My husband and I have been married for 2 1/2 years, though we have known each other for 7. I was 16 when we met and he was 20, and he was my first boyfriend/relationship. We had a troubling beginning. We parted ways after 9 months, then found each other years later where we fell back in love (the sappy puppy dog kind). Sex was frequent and we were inseperable. After 6 months, I got pregnant with our son. Sex during pregnancy eventually disappeared as my hormones were all out of whack (I also have thyroid issues which probably exascerbated this issue). There were many times where I would want it from him, but I was very put off because he became very emotionally distant from me. I would also wake up in the middle of the night to find him looking at porn. Our son was born and he took a job where he had to be out of town the majority of the time. When my son was 8 months old, he left this job to be at home with us. He has always had a big sex drive, but I have felt emotionally detached from him since I was pregnant. He says he loves me very much, and he wants sex all the time, but I don't feel a physical connection to him at all. 

Recently a few months back he left for a business trip, and in my depression I checked his social networking and found some very inappropriate messages to a MUCH older woman, someone he had a sexual past with. With more digging, I discovered that these types of inappropriate relationships have been going on since the beginning of our second go-a-round. We went to a Christian counselor, but he soon found excuses as to why we shouldn't go. 

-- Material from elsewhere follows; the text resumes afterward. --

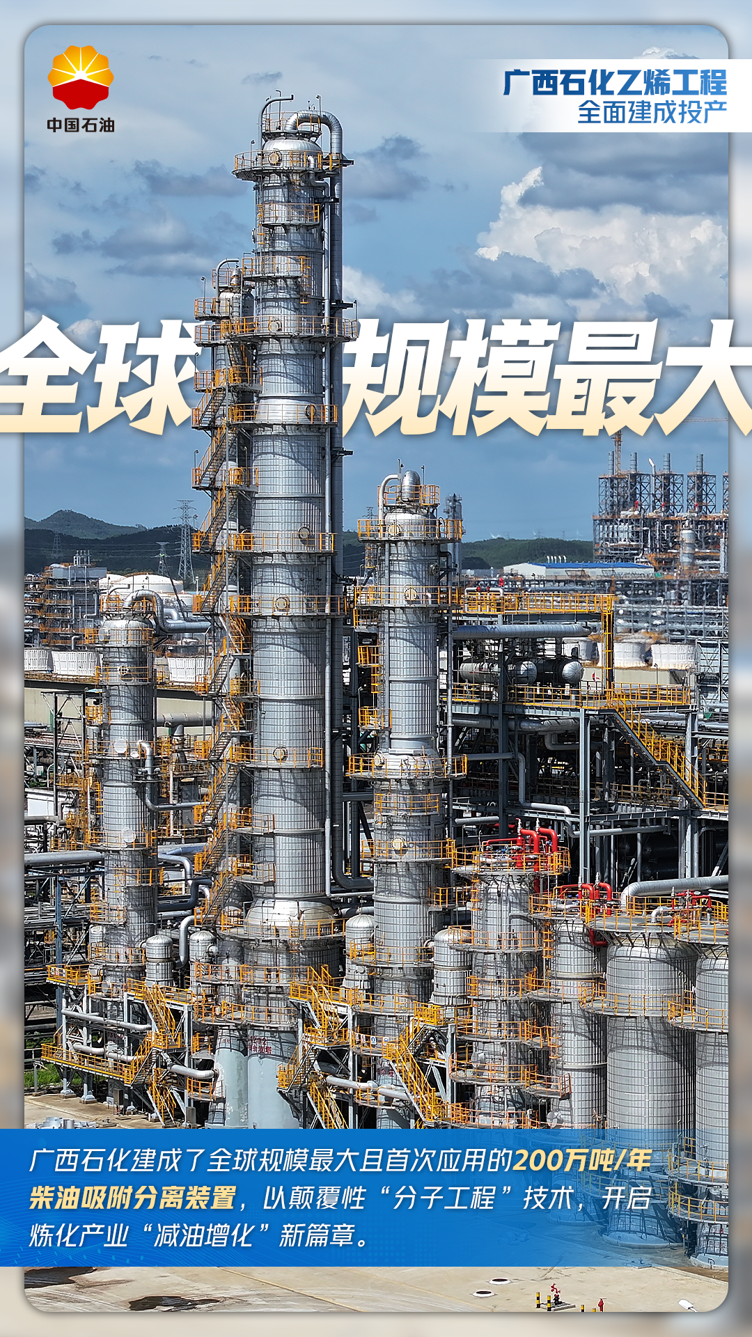 10月30日,国家石化产业规划布局重大项目,中国石油“十四五”重点工程——广西石化乙烯工程,在广西钦州港全面建成投产,首批固体化工产品合格并发运。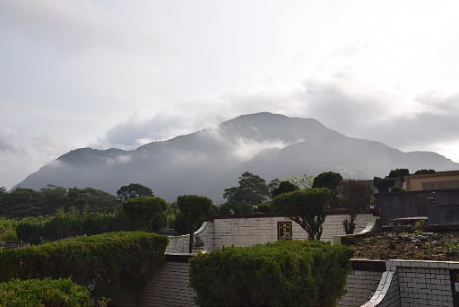 墓園車道叉路,左為水泥車道往墓園入口,可接北投子路,右側較破碎的水泥車道上往興華坑山,擋土牆上有登山指標,往興華坑山約5分,回往虎頭山約70-90分。取右登頂再回。墓園高處展望頗佳,可眺望向天山、觀音山。H266m |

We are very outwardly affectionate to each other, and say I Love You 15 million times a day, but I can't seem to get over my mistrust and the hurt from this. Now I find myself questioning everything I know about us. I find myself wondering about whether I made the right choice to marry him. Our marriage is sliding through my fingers, and it's killing me. I really do love him, I just miss the closeness. I want to have sex with him, but I can't stand the thought of being physical with someone who can't open up to me (if that makes sense??). It just feels like now we are staying together for our son.... Can anybody relate to this, or are my hormones just really that screwed up??


----------